Na pequena cidade de Campo Bom, no interior gaúcho, a menina Nanda e o amigo Alexandre rivalizavam nas manobras radicais com a bicicleta. Tal qual Senna e Prost, ídolos da velocidade daqueles anos 1980, mas sem a inimizade e a sacanagem que marcavam as disputas entre o francês e o brasileiro. Mais do que isso. Compartilhavam a mesma bike. Juntos, Nanda e Alê construíram a duras penas uma pista de bicicross, moldada para suas aventuras sobre duas rodas. E eis que no dia da inauguração, diante de toda a molecada, na curva final, quando a menina parecia estar a poucos metros de superar o amigo na velocidade e nas acrobacias, vieram a ruptura e a queda. E foi assim que começou a radical mudança na vida de Maria Fernanda, a protagonista de Controle, romance de Natalia Borges Polesso, publicado em 2019 pela Companhia das Letras.
Logo nas primeiras páginas do livro, ficamos sabendo que a epilepsia se manifestou pela primeira vez na vida de Nanda ali, na pré-adolescência, naquela curva final, provocando convulsão, queda, fraturas e uma longa permanência no hospital. A partir desse evento, a vida de Nanda virou do avesso. Cercada de cuidados excessivos pelos pais, estigmatizada na escola, alvo dos olhares tortos e do medo de colegas e professores, sempre na iminência de um ataque, a menina aventureira e expansiva deu lugar a uma adolescente calada e reclusa.
Esse é o fio da história e um possível resumo do romance. Mas a autora vai muito além. Em uma narrativa guiada pelas citações das canções da banda New Order e a cultura pop do final anos 1980 e começo dos 90, acompanhamos a vida de uma pessoa que viu a frágil democracia brasileira ressurgir, a liberação sexual ser refreada pela presença aterradora da Aids e deu os primeiros passos no uso da internet e dos canais de comunicação online, como o ICQ. Nanda representa uma fatia da baixa classe média cujos pais de alguma forma prosperaram e deram a seus filhos mimos e proteção extra que as gerações anteriores não tiveram. Proteção agravada pelos temores de que a qualquer momento a química cerebral da jovem poderia redundar em mais crises, convulsões e pânico.
Controle é também o romance da solidão. Nanda perde as amizades e se afasta do convívio social, ao mesmo tempo em que começa a viver as transformações da puberdade. O corpo que se altera, o sobrepeso que vem com a falta de atividades físicas, os efeitos dos remédios e tratamentos paliativos para tentar deter as crises, as tentativas desesperadas de entender os circuitos elétricos que comandam o cérebro e tentar identificar o momento em que a convulsão chegará, provocando o descontrole e a perda dos sentidos tornam-se o centro de uma vida cada vez mais reclusa e silenciosa.

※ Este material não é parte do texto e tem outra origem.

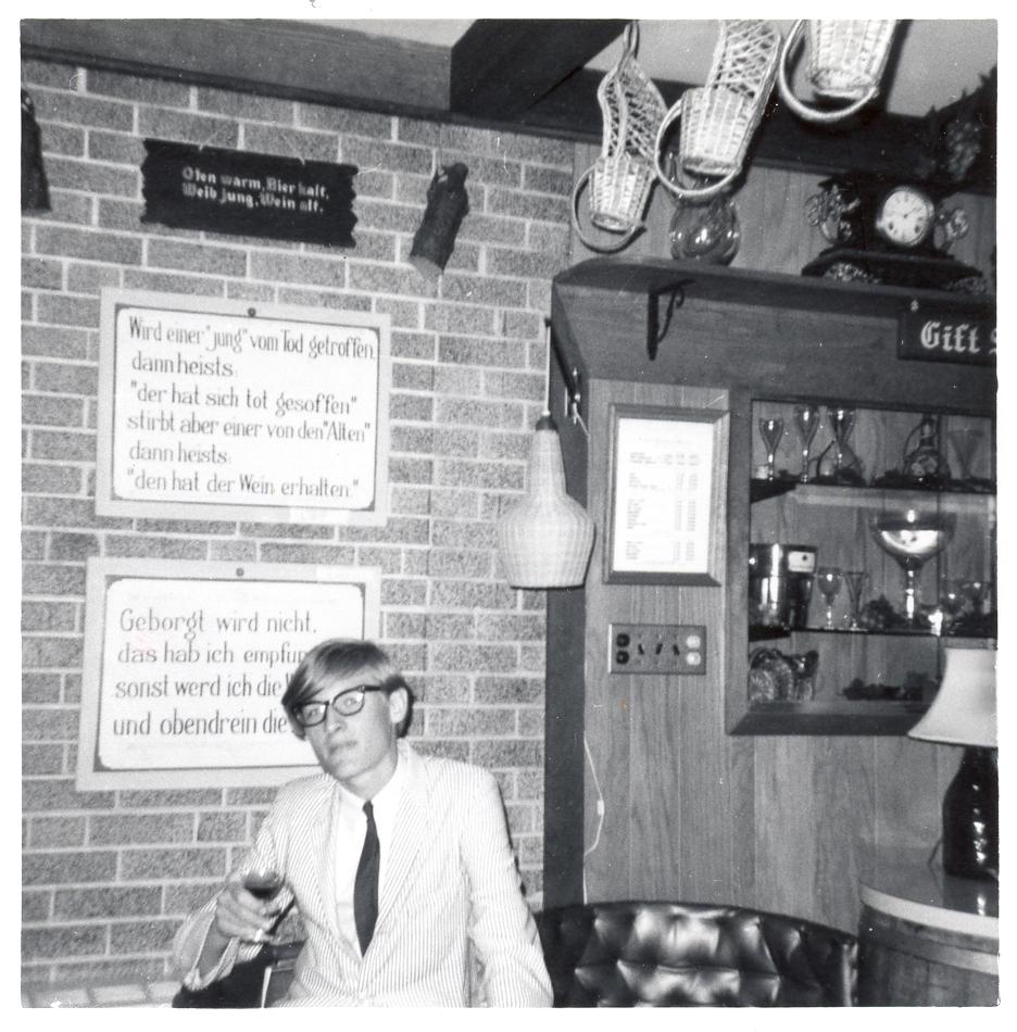 PicId: scan5512 Group: Trip, Atlantic City 1967 Where: Atlantic City, NJ When: 06-15-1967 Subject(s): Stephen Douglas Hershey Comments: Steve living it up at the Gross Highland Winery |
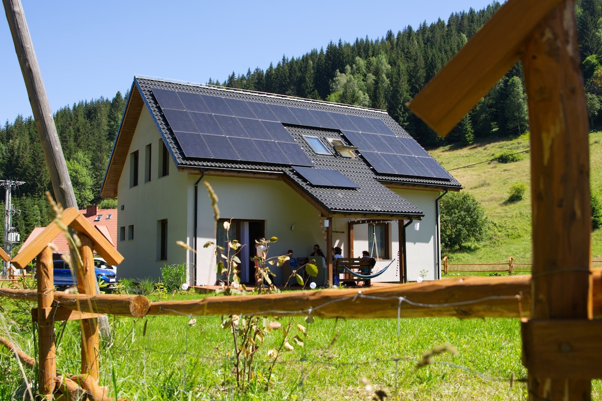 Velkommen til huset i Bielice! Beliggende i den sidste landsby - længere frem er der kun skov og bjerge. Du kan regne med stilhed, kontakt med naturen og god adgang til vandrestier. To bjergtoppe venter på dig, hvis du vil bestige den polske bjergkæde Korona Gór Polski, kun en kort gåtur fra huset.
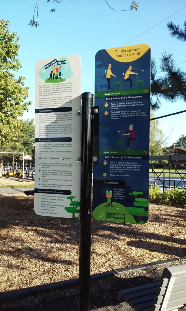 Le Parcours Actif est composé de 10 panneaux d’exercice utilisant le mobilier urbain en place dans le parc. Un premier côté de panneau présente des exercices de renforcement avec deux options d’intensité et un exercice ludique pour les enfants, tandis que l’on retrouve deux exercices d’étirement de l’autre côté. Le parcours est accessible en tout temps au parc Marie-Jeanne-Frégeau. Ce projet a été rendu possible grâce à une collaboration avec la Municipalité de Sainte-Anne-de-Sabrevois, qui offre les visuels des panneaux aux organisations intéressées.
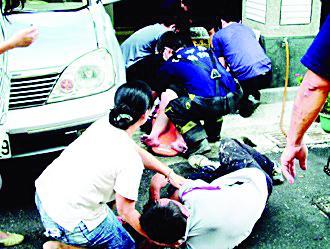 臺中縣烏日鄉王姓婦人跳樓輕生,壓傷在樓下用手接的丈夫
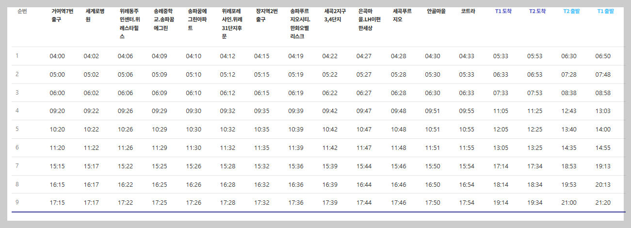 6600번 공항버스의 정류장별 운행 시간표는 아래에서 자세히 확인하실 수 있으며,
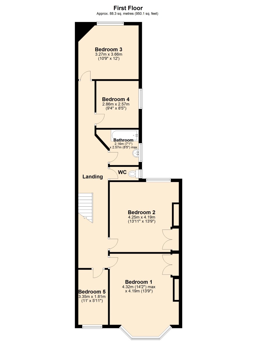 Ground Floor: Reception room one, reception room two, day room, kitchen First Floor: bedroom one, bedroom two, bedroom three, bedroom four, bedroom five, bathroom, WC Outside: There is a small front garden and a rear garden with gate giving access to tenfoot. Garage.
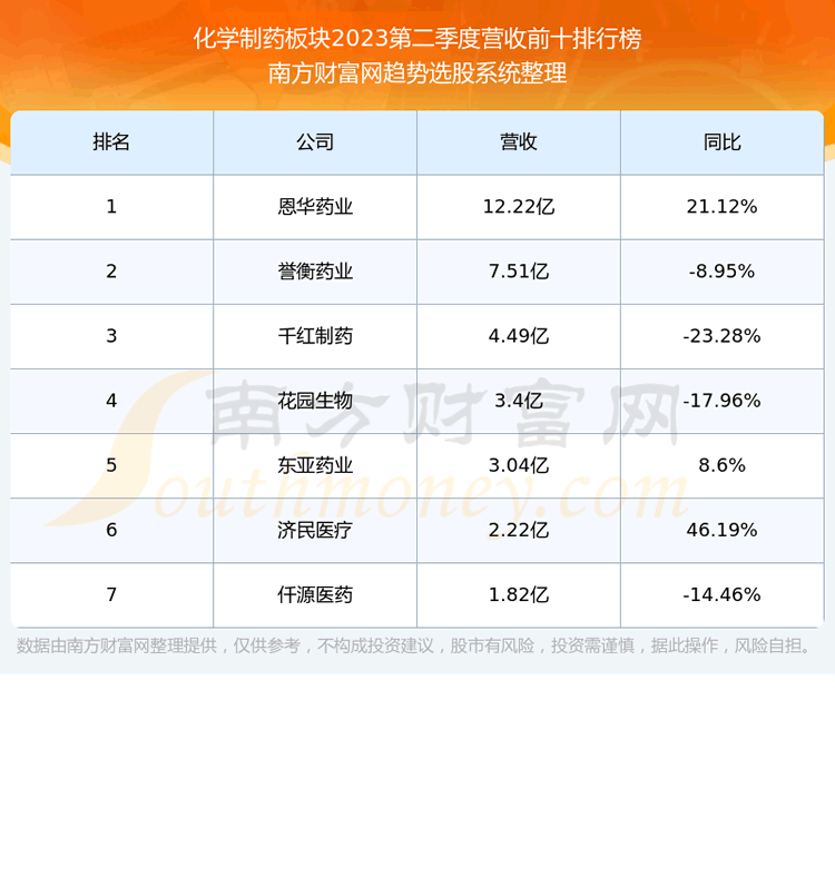 按照趋势选股系统统计,该股所属板块为化学制药板块,该板块共有7只股票,鲁抗医药2023第二季度营收在该板块中排名为第7名,该板块2023第二季度营收排名前十的股票如下表:
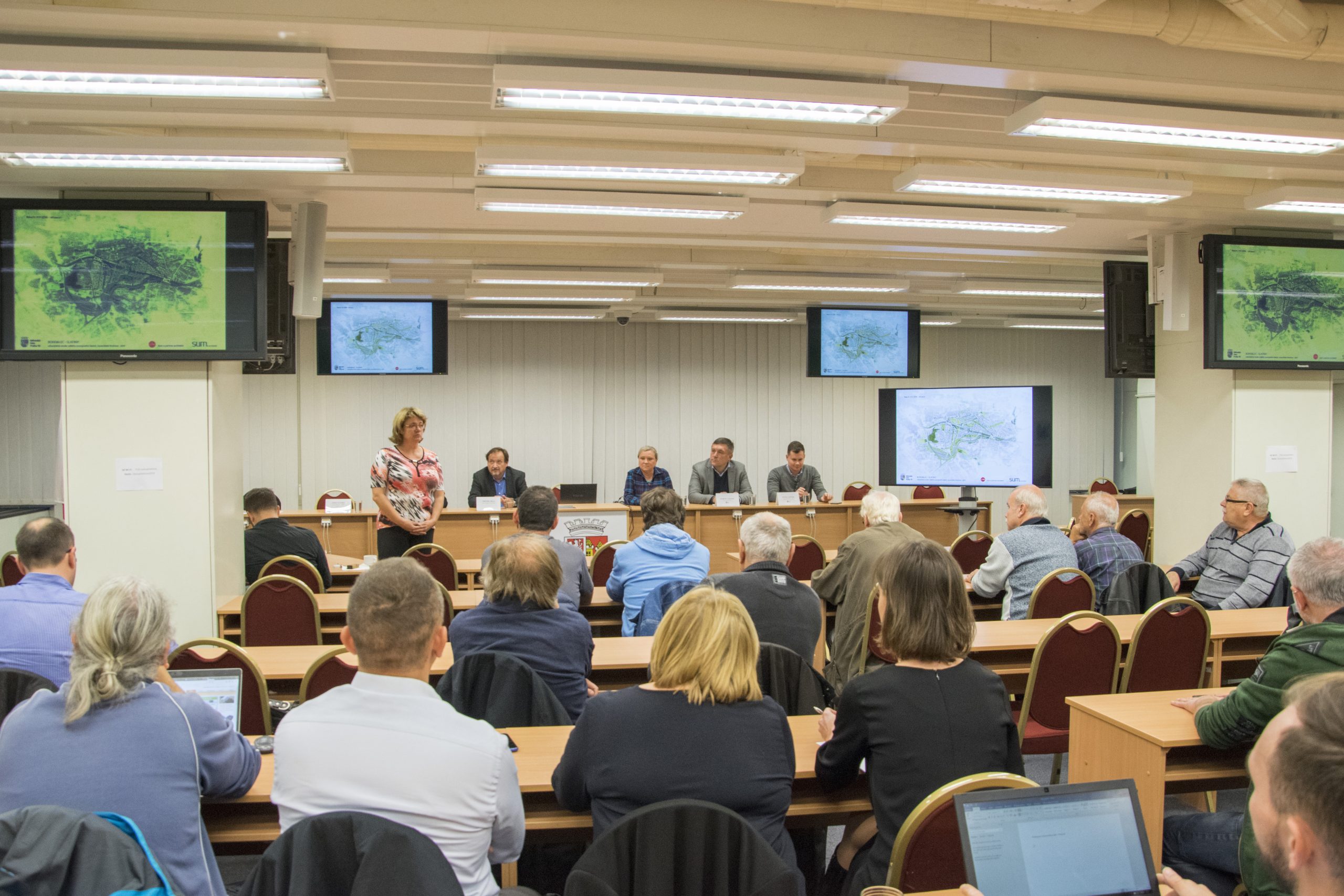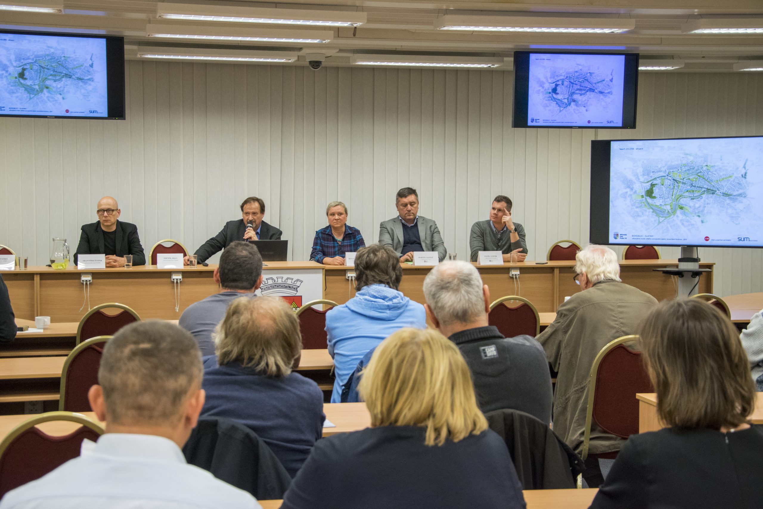 Foto z představení urbanistické studie Bohdalec Slatiny brownfield Strašnice v zastupitelském sále MČ Praha 10:
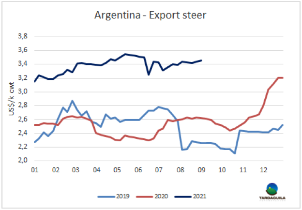 七月南美牛肉產(chǎn)品平均離岸價格5457美元/噸,達(dá)2011年11月至今十年以來最高。與去年七月相比,平均價格上漲了1285美元/噸,上漲了31%。今年前七個月南美國家牛肉出口平均價格4832美元/噸,較2020年的4492美元/噸上漲了8%。南美四國牛肉供不應(yīng)求,價格強(qiáng)勁上漲。其中價格上漲最明顯的是實行出口限制的阿根廷,部分原因是配額產(chǎn)品的出口占比增大,配額產(chǎn)品平均價格較高。當(dāng)然還有政府管控后“地下合同”減少的原因。四月阿根廷平均出口價格4072美元/噸,是南美地區(qū)最低,七月阿根廷平均出口價格達(dá)5389美元/噸,三個月內(nèi)增長了32%。同期內(nèi),烏拉圭牛肉價格上漲了11%,巴西牛肉價格上漲了14%,巴拉圭價格上漲了15%,烏拉圭仍然是南美牛肉價格最高的國家,七月平均價格達(dá)5891美元/噸。
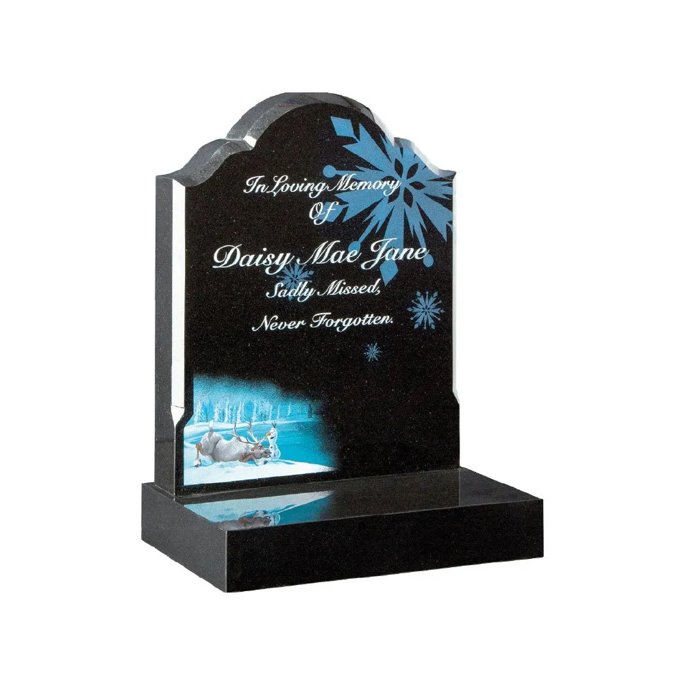 A Black Granite Children’s memorial with an intricately painted scene (16162). From beautifully simple designs to exquisite painted scenes, this
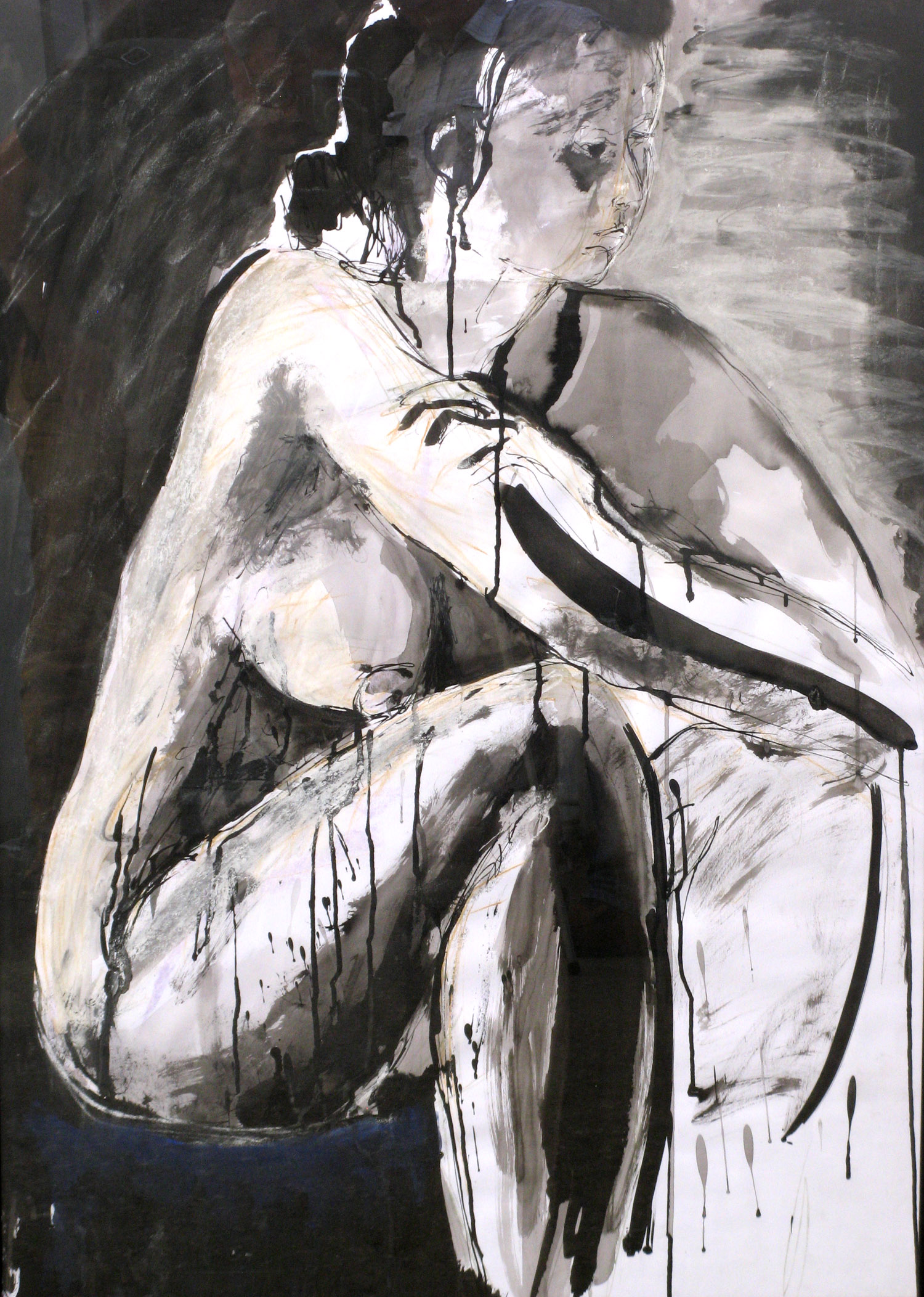 Ausdrucksstarkes Aktgemälde eines sitzendes Aktes in Schwarz-Weiss
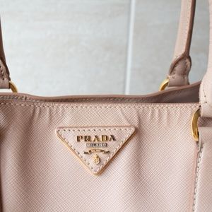 Prada Saffiano Lux Leather Tote Nude Pink size Small. Condition is Pre-owned. Some wear on the handle and bottom of the bag. Some splitting on the key ring strap. Logo interior lining in perfect condition, 3 interior compartments with centre zip. Purchased at Holt Renfrew. $2800 original retail. Includes authenticity card, key-ring and clochette.
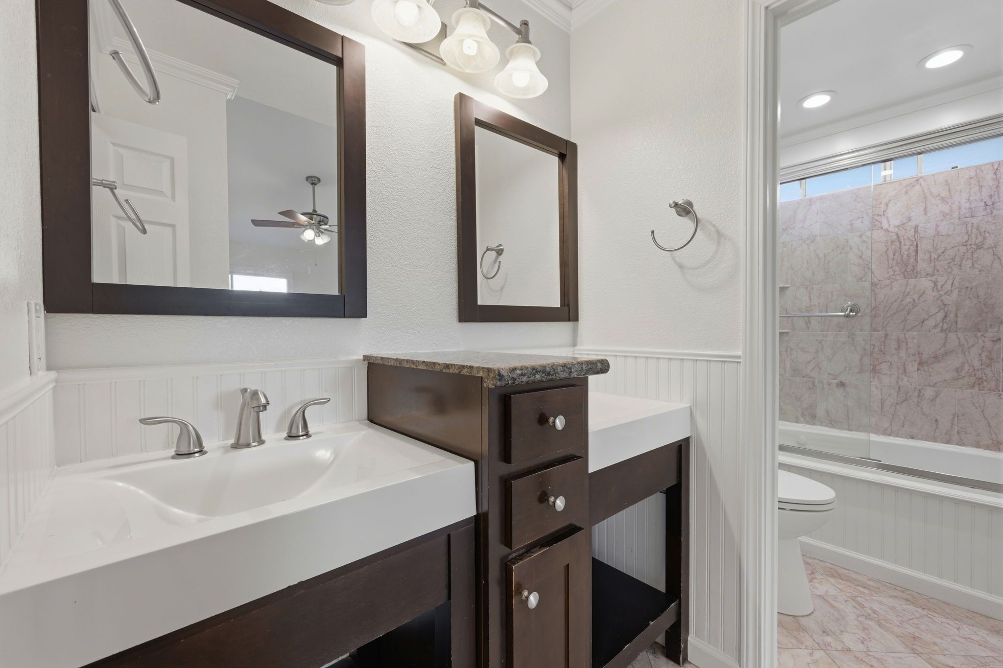 The heart of the home is the updated kitchen, designed with both function and style in mind. It features granite countertops, a center island for additional prep space, stainless steel appliances, and elegant plantation shutters that allow natural light in while maintaining privacy. Whether you're preparing meals or hosting guests, this kitchen offers the perfect balance of practicality and charm.
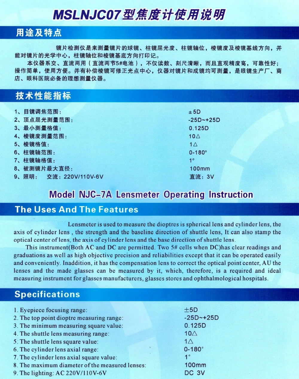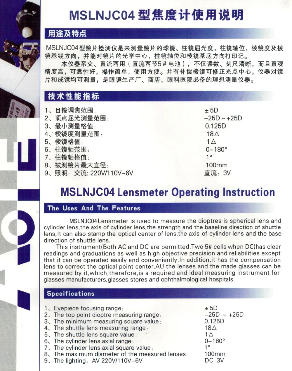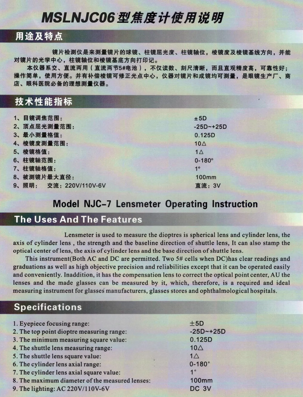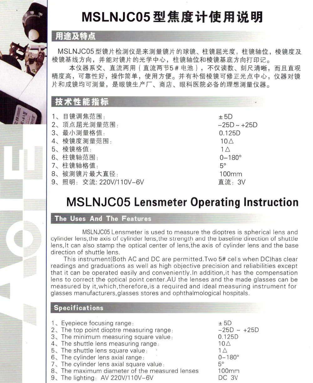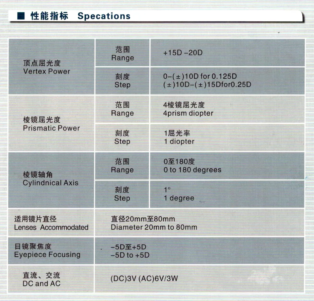 Prism degree | 0~5Δ Minimum scale value 1Δ with prism compensation device 0~20Δ Minimum scale value 1Δ | |
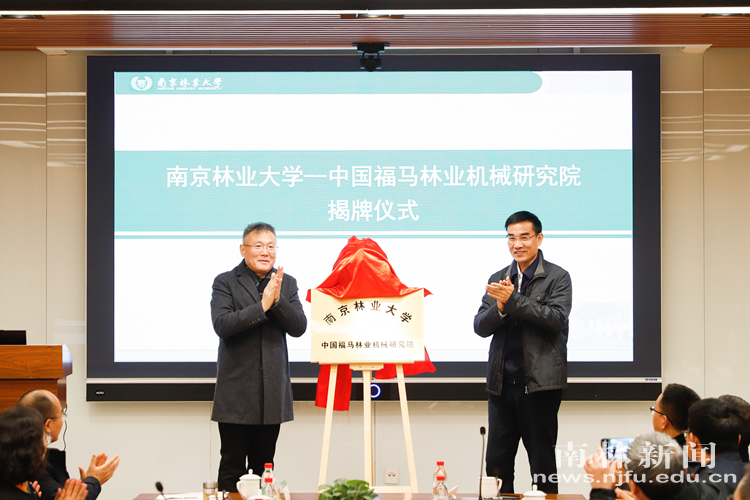 会上,尹佟明宣读了《关于成立南京林业大学——中国福马林业机械研究院的通知》;赵茂程和荆新保共同为研究院揭牌;研究院学术院长、我校机械电子工程学院周宏平教授介绍了双方合作核心内容,分享科技合作成果和典型事例。

Nesse percurso, a navegação solitária na internet, os grupos temáticos de epilepsia e um conturbado namoro virtual marcam a aproximação da vida adulta. Sempre cercada dos cuidados dos pais, arrumando empregos medíocres e abandonando os estudos, Nanda vê sua vida se consumir na incessante tentativa de se manter em pé. Nessa busca, uma amizade da infância é retomada. E, com ela, a descoberta de novos desejos. É quando a homoafetividade aparece, criando mais um curto circuito na vida de Maria Fernanda. É nessa descoberta que a vida parece ganhar sentido.
Natalia Polesso constroi a trama a partir de uma narrativa fragmentada, pontuada pelas letras das canções e por idas e vindas temporais muito bem urdidas. Na sequência final, uma viagem e a primeira aventura de Nanda longe da proteção dos pais e das zonas de conforto do Rio Grande do Sul natal traz uma miríade de descobertas. É a segunda grande ruptura em sua vida. É também quando a protagonista percebe que poderia (e ainda pode) fazer escolhas diferentes daquelas que a doença pareciam lhe impingir. O desfecho tem um ritmo alucinante, pontuado por frases curtas, que tiram o fôlego do leitor. E abre novas e incríveis possibilidades para a vida de Fernanda, como se ela pudesse voltar à pista de bicicross para completar seu circuito e ganhar aplausos e admiração da turma, refazendo suas escolhas e trajetos, antes que a vida se vá.
Foi minha primeira leitura de Natalia Polesso, que tem se destacado na produção literária recente. Vou atrás de outras obras, especialmente do elogiado e premiado romance Amora, vencedor do Jabuti de 2016. A conferir!
P.S.: a imagem em destaque é da obra “Desvio para o vermelho”, de Cildo Meireles, que fotografei no Inhotim.